Mohamed Amro M O, Economou Ioannis G, Jeong Hae-Kwon
Chemical Engineering Program, Texas A&M University at Qatar, P.O. Box 23874, Doha 122104, Qatar.
Artie McFerrin Department of Chemical Engineering, Texas A&M University, 3122 TAMU, College Station, Texas 77843-3122, United States.
J Phys Chem B. 2025 May 15;129(19):4765-4780. doi: 10.1021/acs.jpcb.4c04595. Epub 2025 Apr 30.
In this study, we introduce a set of coarse-grained (CG) force field parameters for simulating a series of 6FDA-based polyimides. Utilizing atomistic descriptors, we developed CG models that accurately predict the specific volume of the polymers under investigation. Our findings suggest that certain parameters, particularly those associated with specific diamines, can be employed to predict properties such as density using a multiple linear regression. Our study further explores the halogenation of diamines and proposes methods for estimating intermolecular interaction parameters. Our calculations refer to various structural properties, including the radius of gyration, end-to-end distance, glass transition temperature, and diffusion coefficients. Utilizing the newly developed CG force field parameters, we conducted gas separation simulations for 6FDA-DAM polyimide, particularly to predict both sorption- and diffusion-separation mechanisms within the polymer. These simulations provided excellent agreement with experimental data on solubility, diffusion, and permeability selectivity for CO/CH, O/N, and propylene/propane. The results contribute significantly to our understanding of polyimide behavior, and the parameters proposed here offer a promising tool for the development of new materials with tailored properties for targeted applications.

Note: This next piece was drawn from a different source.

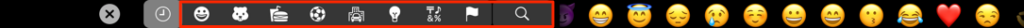 Select a category icon to view emojis on the category. You can also tap the Search icon to find an emoji. That will launch the minimized version of the emoji window.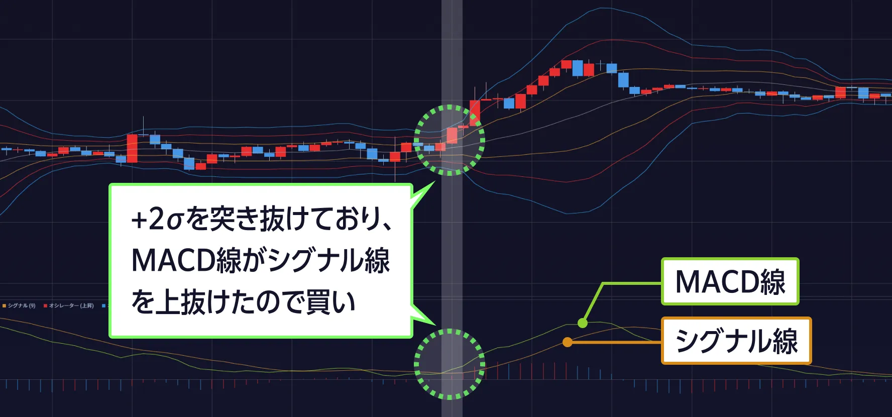 ボリンジャーバンドと組み合わせる場合は、上昇の場合は、+2σからバンド幅が大きくなり、かつ、終値が+2σからはみ出してきているなかで、MACD線がシグナル線を上抜けるような動きの場合は、まだまだ上値余地ありと判断することができます。売りの場合は、買いの場合と逆の考えで活用できます。

在本研究中,我们引入了一组粗粒度(CG)力场参数,用于模拟一系列基于6FDA的聚酰亚胺。利用原子描述符,我们开发了能够准确预测所研究聚合物比容的CG模型。我们的研究结果表明,某些参数,特别是那些与特定二胺相关的参数,可用于通过多元线性回归预测诸如密度等性质。我们的研究进一步探讨了二胺的卤化,并提出了估计分子间相互作用参数的方法。我们的计算涉及各种结构性质,包括回转半径、端到端距离、玻璃化转变温度和扩散系数。利用新开发的CG力场参数,我们对6FDA-DAM聚酰亚胺进行了气体分离模拟,特别是为了预测聚合物内部的吸附和扩散分离机制。这些模拟结果与关于CO/CH、O/N和丙烯/丙烷的溶解度、扩散和渗透选择性的实验数据高度吻合。这些结果对我们理解聚酰亚胺的行为有很大贡献,这里提出的参数为开发具有针对特定应用定制性能的新材料提供了一个有前景的工具。